# Sometimes comes aggressive on strangers



## BUZZ_PLUS (Feb 8, 2010)

My Leo is now 2 years and one month he is one perfect golden retriever very nice to every body and for other dogs but lately he became aggressive against strangers, I take him for a walk every day off leash sometimes he find some body walking he starts to run towards him and make some attack movements, he doesn't have the courage to attack or bite , but what if he gets it one day !! 
I don't know why he does that and not all the time sometimes people pass by and he just goes to have some petting and come back and some times he shows aggression.

any Idea what's wrong ?

Thanks


----------



## BayBeams (Jan 3, 2010)

Get some advice from a trainer. Aggression issues can be tough to resolve. And stop walking your dog off leash if he is going after people.


----------



## fostermom (Sep 6, 2007)

I will say that my Jasmine, who is 11, is the same way. She's never bitten anyone, but sometimes she worries me that she might. It's all bluster and noise as far as I can see, and it's only with certain people. I would suggest meeting with a trainer to see what they say.


----------



## BeauShel (May 20, 2007)

I would talk to a behaviorist. They can work with you and him to change his behavior to a more positive manners.


----------



## nolefan (Nov 6, 2009)

BUZZ_PLUS said:


> ...he starts to run towards him and make some attack movements, he doesn't have the courage to attack or bite , but what if he gets it one day !!


No one here can really guess what's going on with your dog, but if he were mine, I would write down notes on every change of behavior that has occurred and bring all the details to an appointment with a vet first to rule out anything health-wise.

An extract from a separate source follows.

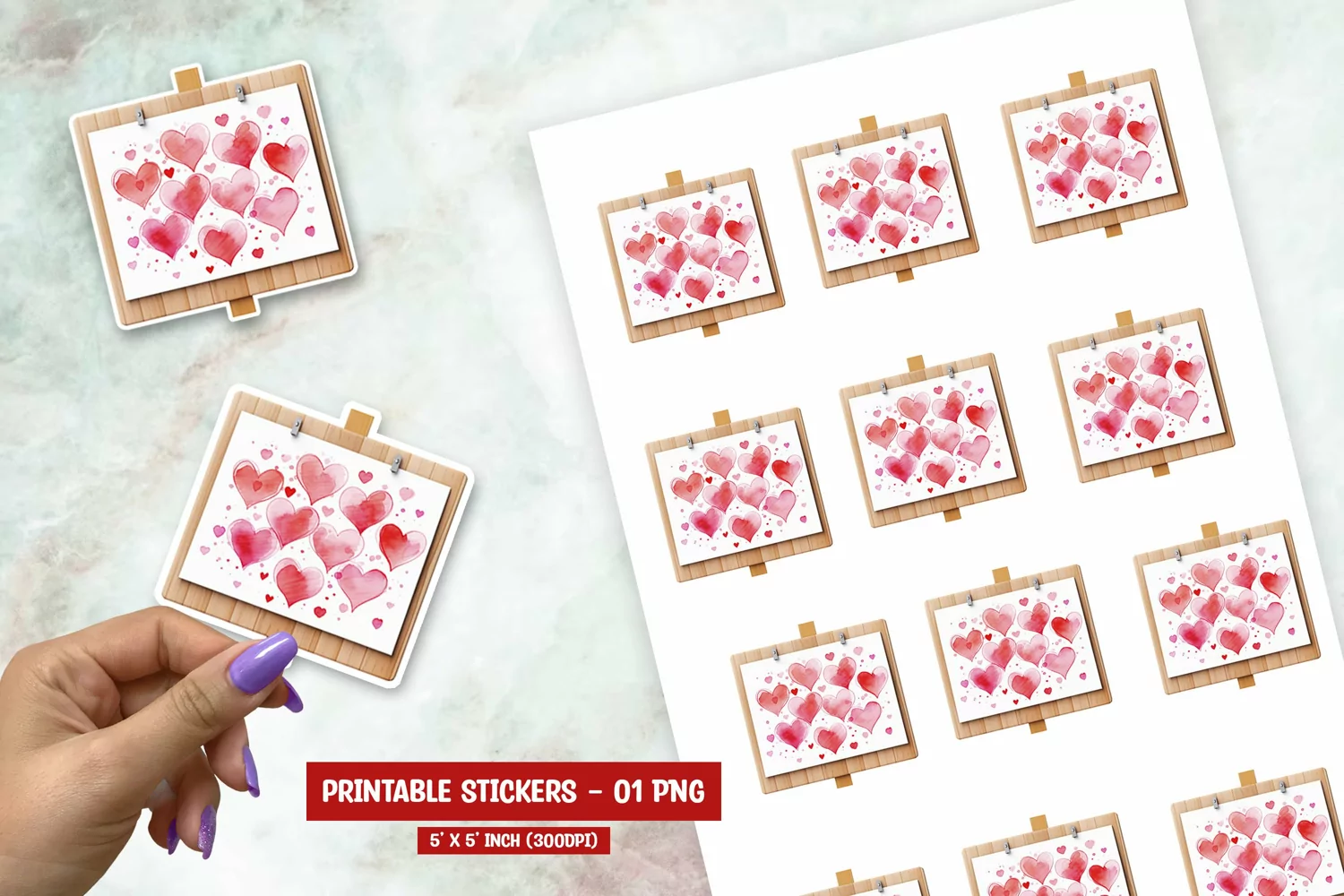 Watercolor valentine day signboard sticker png example image 1

I would also get a recommendation for a professional trainer to get suggestions on how to help your dog with this problem. Hopefully you can catch it early enough and through diligent work, correct it. Otherwise it will be a case of safe management. If you have the financial resource, a certified veterinary behavioralist is a wonderful resource and give you a lot of help. 

At the very least, as the first responder mentioned, you have a responsibility not to let your dog off leash until you are confident that this behavior has been completely corrected. You have a moral obligation to make sure that your dog is not a danger to any other person or dog walking in your area.

I wish you good luck, I know it can be very upsetting to realize that there is a behavior problem with the potential to be very serious.


----------